Patrick McDowell, Christine Terranova, Kuo-Pao Yang

Department of Computer Science Southeastern Louisiana University Hammond, LA 70402 USA

Abstract The intent of this paper is to present a method for the automated grading of language-independent code segments in computer science classes. The proposed grading tool focuses on the overall structure and logic of the code segment rather than on the syntax or formatting constraints that exist within specific programming languages. For that purpose, when a student inputs code, that code is first processed into a standardized pseudo-code before analysis of the code is performed and a grade is outputted. Currently, a sliding correlation is used to measure the accuracy of the inputted code compared to an answer key (key code). The correlation is performed on the entire block of code using condition statements and loops as peaks in the processing phase. The output of the grading tool will yield a value between 0 and 1 that can be converted to a point or percentage value depending on an instructor's preference.

Keywords- Automated grading, pseudo code analysis


    Although enrollment in computer science courses has been on the rise, the number of faculty positions in the discipline has not increased in proportion [1]. To accommodate for this, many faculty are forced to expand their work loads and to handle larger class sizes more often than not [2]. Increasing the capacity of each course and then having to teach more of those courses have encouraged some faculty to search for methods that will lessen grading time while still providing thorough assessments.
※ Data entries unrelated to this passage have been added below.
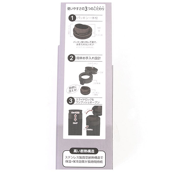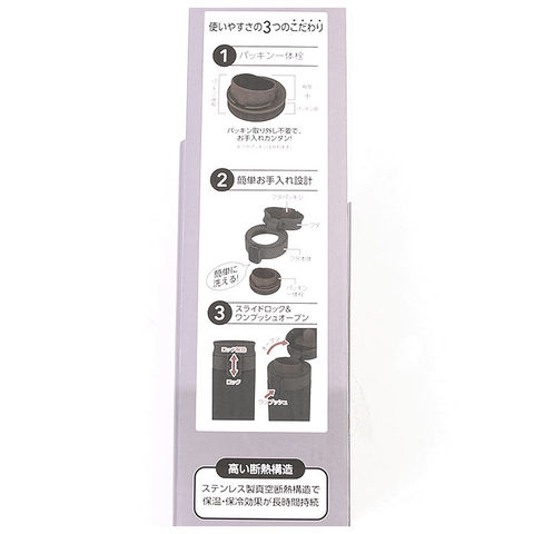 | 保温効力 | 89度以上(1時間) 70度以上(6時間) ※保温効力とは、室温20度において、本体容器に熱湯を0.5Lまで満たし、フタをした状態で湯温が95度の時から1時間及び6時間放置した場合におけるその湯の温度です。 |
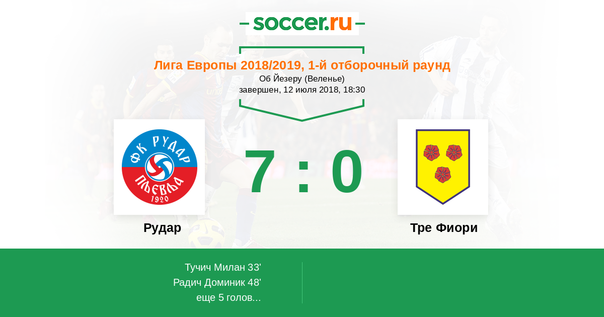 Протокол матча Рудар против Тре Фиори
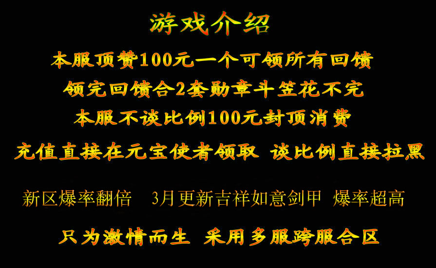 【元宝比例】:此版本为独家特色1.80暴风超爽合击最新版,一切装备靠打,终极全部爆绝无任何保留!!!
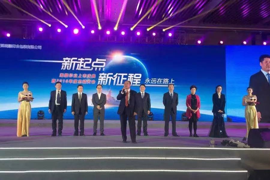 董事长袁汝海率领全体高管向全体员工表达最诚挚的谢意,并激励大家,站在成功上市的新起点,海顺印业全体同仁应团结共进,众志成城,迈向新征程,勇攀新高峰!
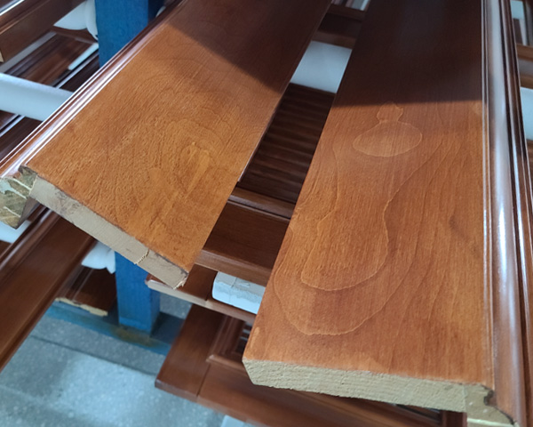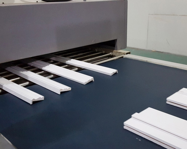 091300mm自動(dòng)噴漆線適用于門框線、畫框、舍槽企口板、門窗配件、家具配件踢腳線、地板、塑鋼型材和木塑線條等條型工件的三個(gè)表面,針對(duì)UV和水性油漆等各種油漆進(jìn)行連續(xù)自動(dòng)噴漆。
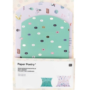 Komplektis 6 volditavat kinkekarp - 3tk suuruses 12x18cm ja 3tk 10x15cm.
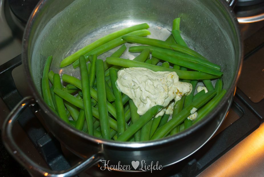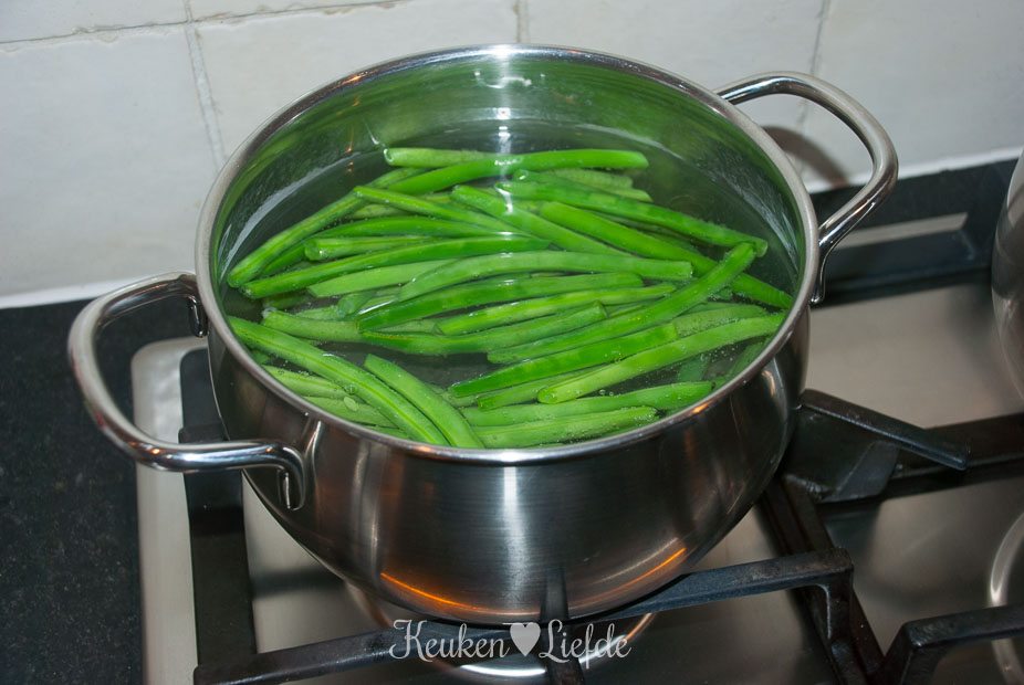 Kook ondertussen de sperziebonen beetgaar, giet ze af en hussel ze om met de rest van de pestocrème.
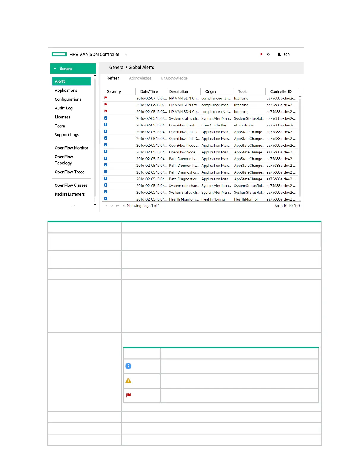 • The controller displays the selected alert in blue text. Click an alert to select it.
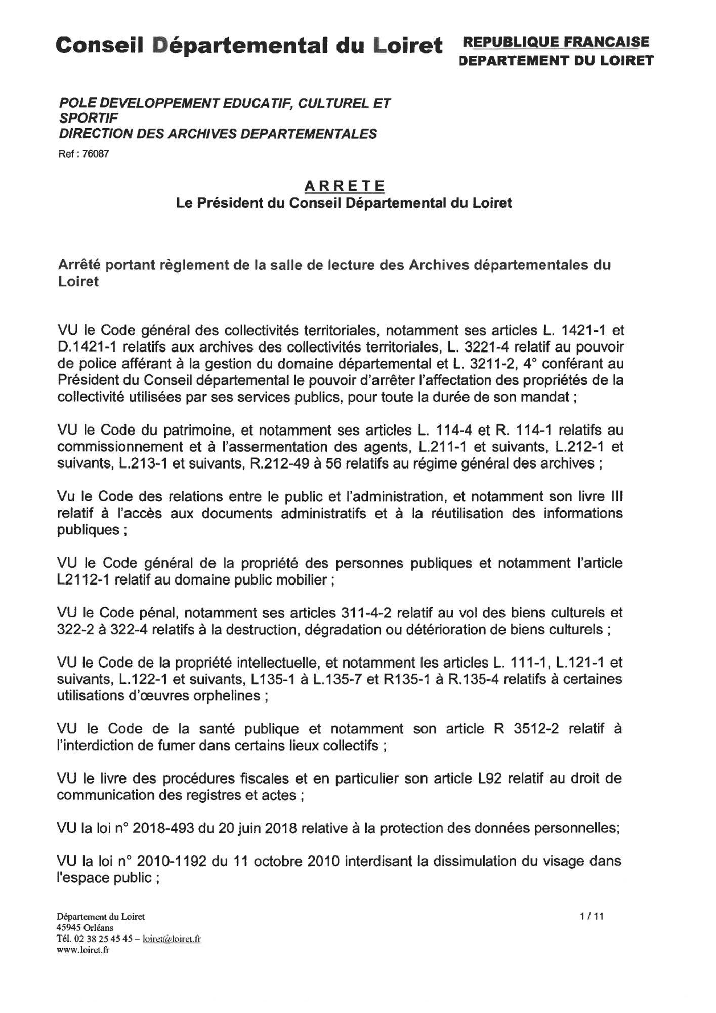 Les lecteurs peuvent demander en consultation jusqu'à dix documents par demi-journée ; ces derniers sont délivrés toutes les 45 minutes (sauf entre 12 heures et 13 heures) ; ils ne sont pas empruntables à l'extérieur des Archives départementales.
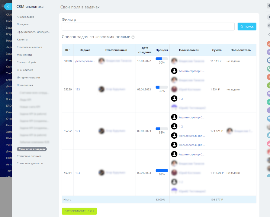 - При необходимости в отчете (раздел аналитика) доступен отчет по задачам с этими полями, включая выгрузку в XLS
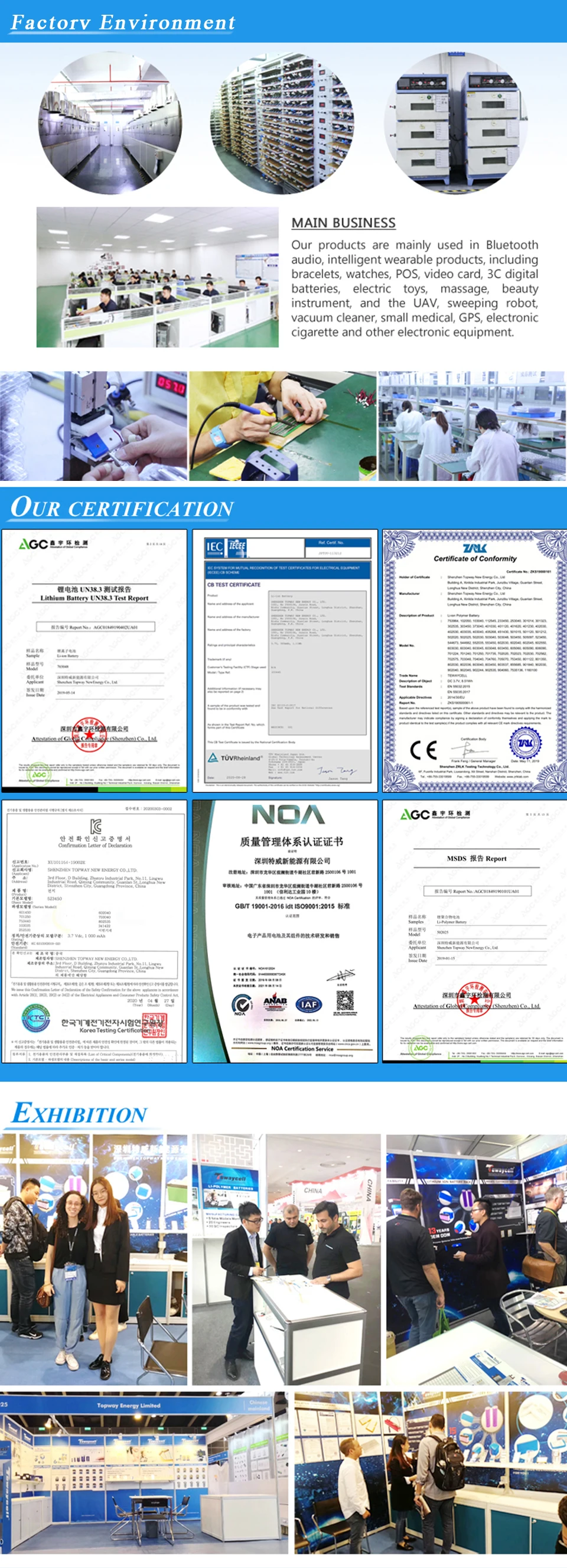 2. Мы проводим испытания на безопасность, испытания на жизненный цикл, балансирующее напряжение и внутреннее сопротивление на всех батареях.

    Many online grading systems are comfortable handling true-false, multiple-choice, and matching type problems. Those systems also typically allow for short-answer or fill-in- the-blank type problems where the answer is either based on a numeric computation and comparison, or an accurate match to some element in a subset of correct choices. All of the aforementioned question formats can be automatically graded within the online grading system which can alleviate the grading time for assignments that make use of those question types. However, an essay question type is the most applicable format that common online grading systems would allow for code input. Yet an essay question must still be graded by hand.

    For faculty wishing to create assessments that are a combination of auto-graded question types with a few coding (essay type) questions, then current online grading systems may be acceptable because the amount of grading can be greatly reduced. On the other hand, faculty whose assessments would be watered down by the standard auto-graded question types cannot benefit from having the majority of their questions created as essay types since they would still need to

    hand-grade those problems. Although using a combination of both auto-graded and hand-graded questions is one solution to lessening grading time, the proposed automated pseudo-code grading tool can be applied to hand-graded questions regarding programming concepts by producing a score based on the structure and logic behind code segments regardless of syntax or the programming language used.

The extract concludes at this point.